The current examples centre the conversation on installing a project, as opposed to installing its dependencies. This looks like it’s focusing on pip, but solely because pip is the only tool which implements a “pure install” (you could use uv pip install, but I guess you’d argue that’s “just pip compatibility” and not a native interface for uv).
The uv and poetry add commands don’t actually do a “pure install” of the requested project. Instead, they add the requested package to the current project’s dependencies, and then do a pure install (or sync) of the current project. That distinction is subtle, and one that I don’t expect users to be aware of (indeed, uv seems to be making an explicit effort to hide that distinction by not supporting “projectless” workflows outside of the uv pip interface). But it is a real distinction, and it’s what was behind the idea that we could distinguish direct installs.
It’s clear at this point that having different behaviour for direct installs is not going to work, at least in part because tools like uv and poetry conflate direct installs and dependencies. So at this point the difference isn’t that important. But I do think it’s still important that the PEP both gives examples of both types of usage, and explores the implications of the differences between them.
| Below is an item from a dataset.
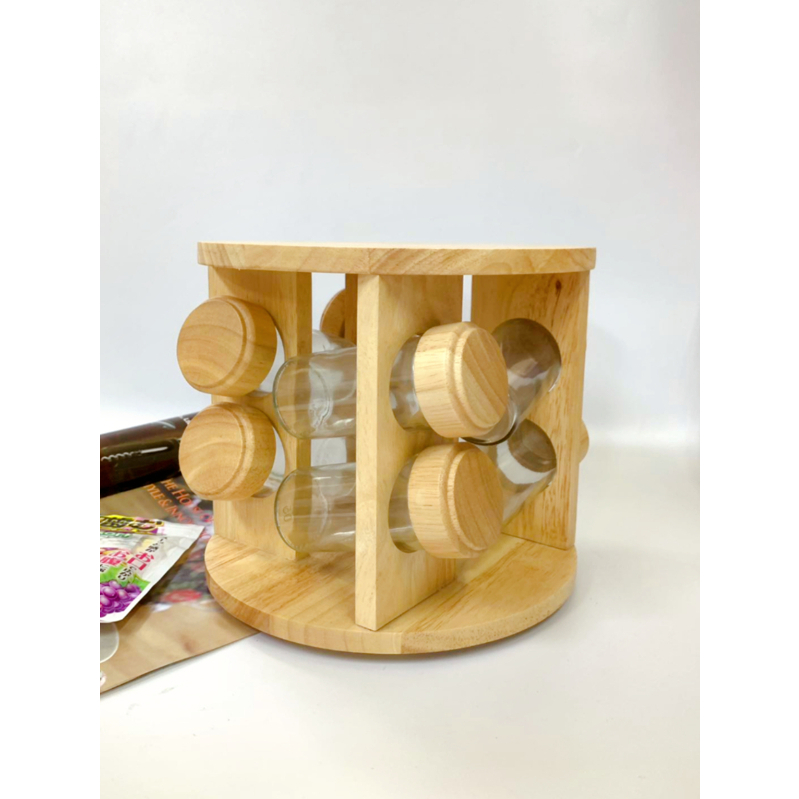 Porta Tempero Condimentos De Madeira Com Potes de Vidro Quantidade 8 Potes + Suporte Giratório
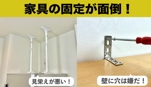 地震が多い近年。家具の固定が大事だと分かっているけど準備できていない方が多いと思います。

(On a personal note, I’m somewhat frustrated that “pure installs” and “projectless” workflows appear to be getting sidelined by the current crop of workflow tools. But that’s a side issue for this discussion, so I don’t want to debate it here. I just want to be clear that projectless workflows are still extensively used, and the PEP needs to consider them - it’s just that it also needs to cover project-based workflows).
For 2. I think it’s a bit more subtle than that. Unlike linux distros (and similar packaging systems), there are no transitions, no coordination group, no central overrides. This means that most likely the first time someone finds out that a dependency has switched to using default extras is when they get a bug report noting that they need to add [] to said dependency specifier. Likely what will happen is they realise that they need to add [] to all their dependencies (because otherwise they will get more bug reports), and then they will get on social media and complain about Python packaging. And if said maintainer is busy will other things (and hence there is no central group to fix said issue), the person with the original bug report is stuck with something that is unfixable on PyPI (local forks is how I would solve this, but this naturally does not scale, and doesn’t fix the community effects), and then they will get on social media and complain about Python packaging.
I personally have no issue with there being additional metadata that can aid discovery (or extras in general), it’s the reinterpretation of what an existing dependency specifier means that is the concerning part. I’ll note that uv already has a feature that says “solve for dependencies as if it was this date”, this shouldn’t be required and says we currently have an issue where existing metadata cannot be fixed, and PEP 771 will only make this worse.
I think having this change to show the default extras if there are default extras on a package would be a good solution, though I guess that’s a question for the warehouse devs as to how easy that is.